Segment Open
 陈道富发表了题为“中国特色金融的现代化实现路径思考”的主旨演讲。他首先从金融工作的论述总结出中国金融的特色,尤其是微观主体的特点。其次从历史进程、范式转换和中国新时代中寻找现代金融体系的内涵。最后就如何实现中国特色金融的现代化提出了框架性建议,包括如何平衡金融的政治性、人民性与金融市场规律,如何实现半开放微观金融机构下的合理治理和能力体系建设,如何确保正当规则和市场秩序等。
Segment Closed
Segment Open
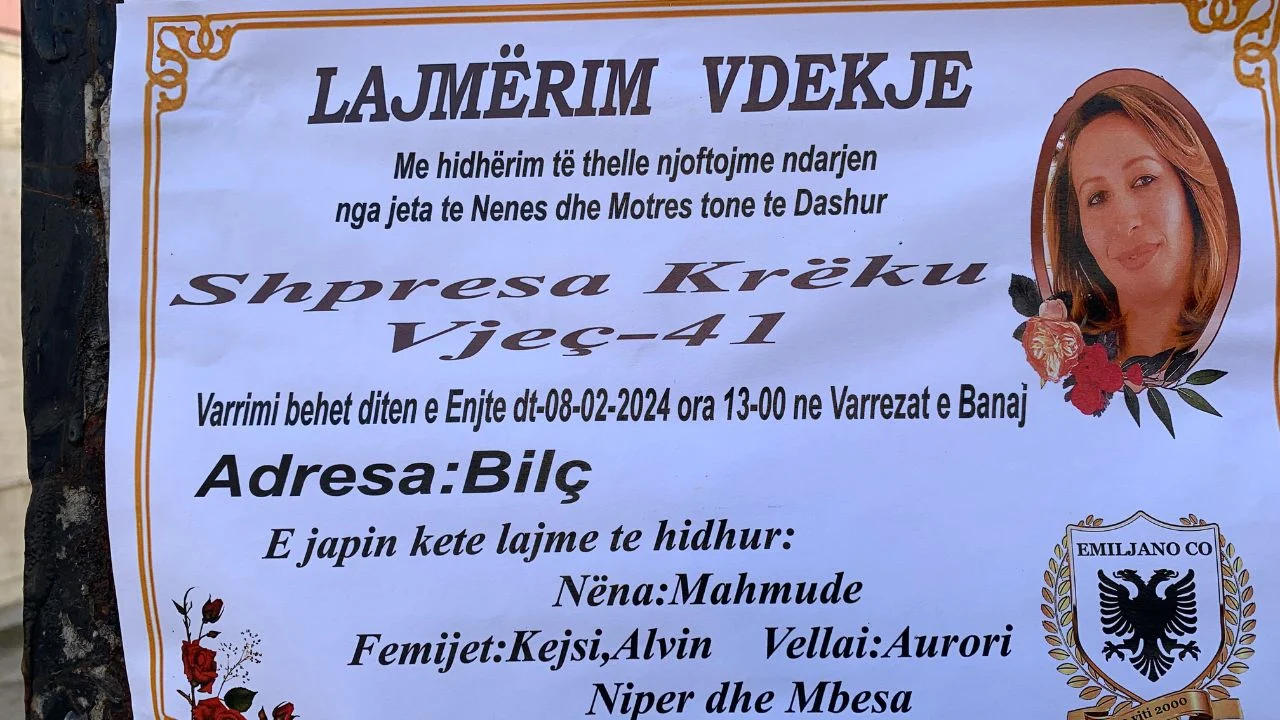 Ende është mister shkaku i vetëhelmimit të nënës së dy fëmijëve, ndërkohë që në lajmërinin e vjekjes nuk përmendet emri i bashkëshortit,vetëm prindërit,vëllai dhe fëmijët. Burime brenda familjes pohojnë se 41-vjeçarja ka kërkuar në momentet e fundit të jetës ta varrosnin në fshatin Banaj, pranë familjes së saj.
Segment Closed
Segment Open
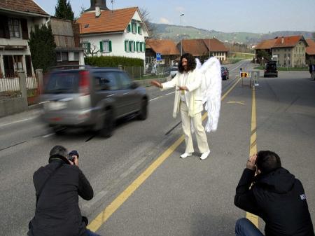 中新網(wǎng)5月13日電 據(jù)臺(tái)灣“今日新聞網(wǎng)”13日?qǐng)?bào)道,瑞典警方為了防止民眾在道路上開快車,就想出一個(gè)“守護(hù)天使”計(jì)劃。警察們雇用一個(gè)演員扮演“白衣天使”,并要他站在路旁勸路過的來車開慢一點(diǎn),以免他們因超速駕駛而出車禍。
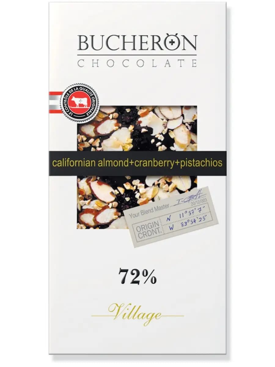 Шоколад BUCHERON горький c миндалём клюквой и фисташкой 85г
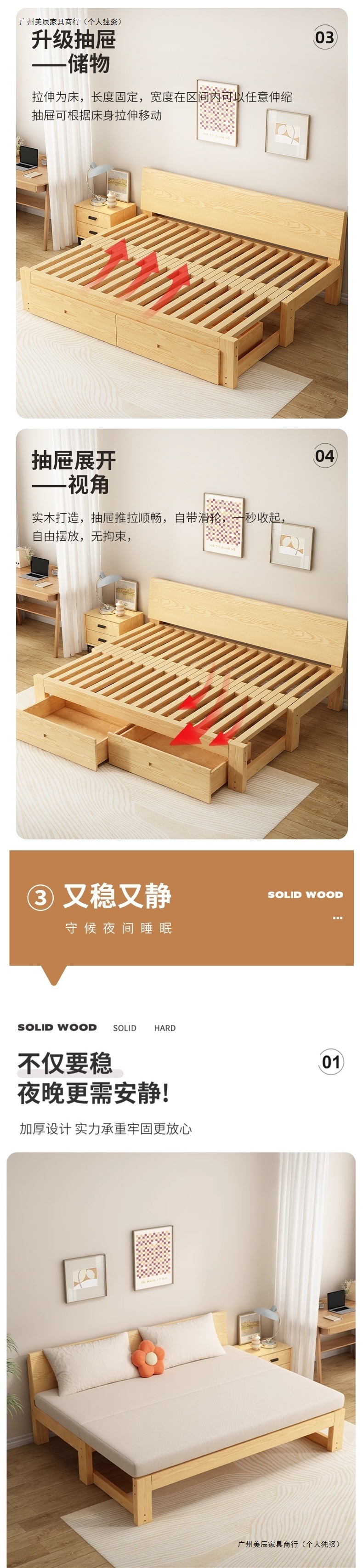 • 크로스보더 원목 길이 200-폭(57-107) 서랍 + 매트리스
Segment Closed
▸ Task to complete
Of the records above, print only the lines from the one containing "中新網(wǎng)5月13日" through the one containing "200-폭(57-107) 서랍 + 매트리스", inclusive and unaltered, leaving out pictures.

▸ Result
 中新網(wǎng)5月13日電 據(jù)臺(tái)灣“今日新聞網(wǎng)”13日?qǐng)?bào)道,瑞典警方為了防止民眾在道路上開快車,就想出一個(gè)“守護(hù)天使”計(jì)劃。警察們雇用一個(gè)演員扮演“白衣天使”,并要他站在路旁勸路過的來車開慢一點(diǎn),以免他們因超速駕駛而出車禍。
 Шоколад BUCHERON горький c миндалём клюквой и фисташкой 85г
 • 크로스보더 원목 길이 200-폭(57-107) 서랍 + 매트리스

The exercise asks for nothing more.